“São Bernardo” e adaptando livros para o cinema

Adaptar uma obra literária para o cinema ainda carrega o estigma de ser, na maioria das vezes, uma tarefa que ingrata, independente da tentativa ter sucesso ou não. Passados mais de cem anos desde as primeiras adaptações para o cinema, ainda não ultrapassamos concessos reducionistas como “mas o livro é sempre melhor” e questionamentos relacionados. “São Bernado”, longa de 1971 dirigido e adaptado por Leon Hirszman é um projeto que pode ajudar a elucidar as maneiras de como um livro pode gerar um filme que dialogue ao mesmo tempo que expande as intenções de seu escritor. E quando se trata de um escritor como Graciliano Ramos, o sucesso numa empreitada dessas só pode significar que estamos vendo formar em nossa frente uma obra-prima do cinema.

Othon Bastos, gigante, é Paulo Honório, aquele ser rudimentar, um mascate que se torna dono de terra ganancioso, materialista até nas relações pessoais. Maltrata seus funcionários, trata com indiferença os ‘amigos’, e certo dia acorda e decide que precisa se casar pois planeja conceber um herdeiro, ou seja, alguém para continuar a manutenção de São Bernardo, a fazenda que ele ‘recriou das cinzas’. O homem, então, ganha esse caráter desbravador, de rei, criador, e todos ao seu redor devem se curvar.

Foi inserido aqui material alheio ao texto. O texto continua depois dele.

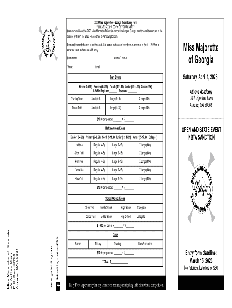 2023 Miss Majorette of Georgia Team Entry Form **PLEASE KEEP A COPY OF YOUR ENTRY** Team competition at the 2023 Miss Majorette of Georgia competition is open. Groups need to email their music to

Graciliano é conhecido por sua prosa sucinta, adaptada ao local onde a narrativa se passa – quando terminou “São Bernardo”, o autor disse que seria necessário “traduzí-lo” para o “brasileiro” -, então nada mais justo do que uma produção cinematográfica que trabalhe também com essas intenções. Isso adquire uma metáfora visual que valoriza a escolha dos enquadramentos, muitas vezes longos, distantes, como se a distância que Paulo mantêm daqueles que o cercam se traduzisse numa câmera distante, pouco participativa. Quando Madalena, Isabel Ribeiro, entra em sua vida, o filme escolhe novas maneiras de mostrar as relações desse bruto dono de terras, assunto explorado muito bem nessa crítica de Luís Alberto Rocha Melo para a Contracampo.

Ao entender o ‘espírito’ da obra, “São Bernardo”, ainda fazendo as concessões necessárias por conta de duração e de ritmo – e ainda lamento a não inclusão de seu Ribeiro, personagem muito encantandor no livro -, se tornou tão vital para o cinema brasileiro que, por consequência, possui uma influência e competência tão fortes que  qualquer outra tentativa de adaptação do material me parece inútil. Nem todo projeto precisa ter esse caráter definitivo, também não sou de reclamar se tiver quando o resultado final é “São Bernardo”.